Governments around the world are trying to deal with this issue in order to overcome the crisis. Joe Biden recently encouraged a for a push in the domestic semiconductor manufacturing industry, and asked for a $50 dollar investment as well. This investment is supported by a bill that has already been passed by the Senate in order to curb the supply crunch by providing manufacturers tax credits and other incentives to boost production levels and reduce dependency on outside sources.
As far as India is concerned, it has faced its own set of issues. Given that the automobile industry was already a bit unstable after 2019, this wave of the shortage of semiconductors has impacted it even further, with brands like Maruti Suzuki increasing the prices of their vehicles and slowing down on production in order to keep up with the current supply levels.
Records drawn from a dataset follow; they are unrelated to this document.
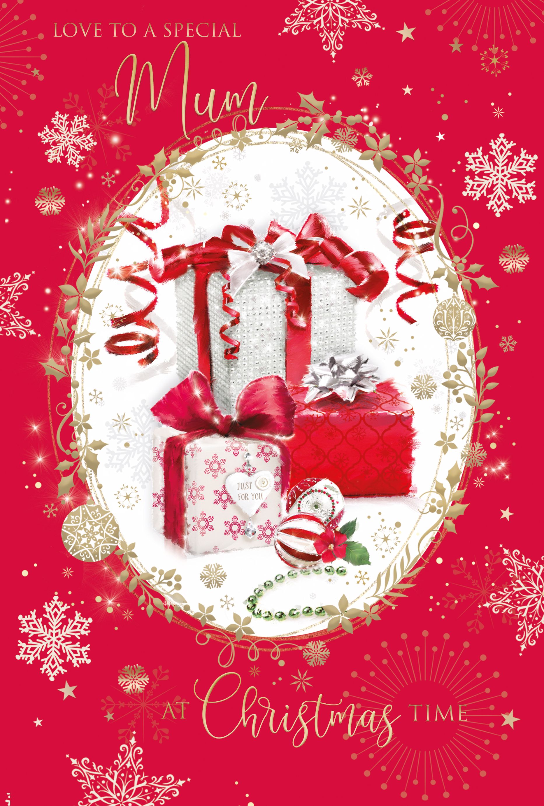 Verse reads: You make each Christmas really happy every year, You work a little magic every time the day draws near. You make sure everyone is having a wonderful time, A thoughtful, kind and loving Mum and i'm so glad you're mine. Sent with lots of love at Christmas and always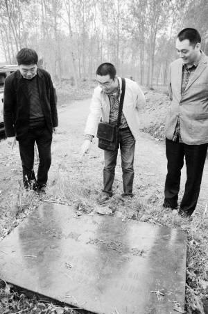 由于我们在凤凰岗遗址附近没有找到省级重点文物保护单位的石碑,不得不向固城乡政府寻求帮助。后在一名乡政府工作人员的指引下,我们在一个废弃酒厂的院前发现一座倒地、刻有“河南省重点文物保护单位”的石碑,它就像一位风烛残年的老者,静静地看护着这处遗址。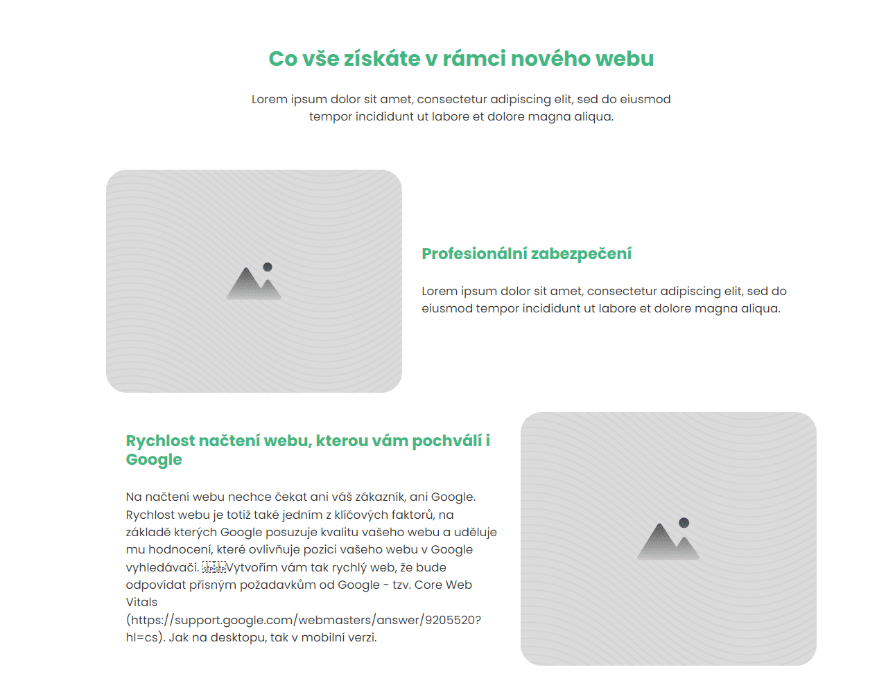 - Rýchle, responzivní a ľahko nájditeľné webové stránky,

Even Mahindra’s Thar has had the longest waiting period for an automobile due to the very same reasons.
So, given that this shortage is going to continue for the next two or three years, it is safe to say that until the shortage gets back to normal, buying almost any sort of consumer good will have a heavier impact on your pocket, and that the overall demand of the products will only continue to rise while the existing supply levels dwindle. Until and unless this shortage is dealt with, the world will continue to face a backlog of products waiting to be produced, which will definitely hamper the global economy’s production capacity. So until then, spending on consumer electronics isn’t advised, but if you’re someone who can afford it, buy two iPhones and gift me one.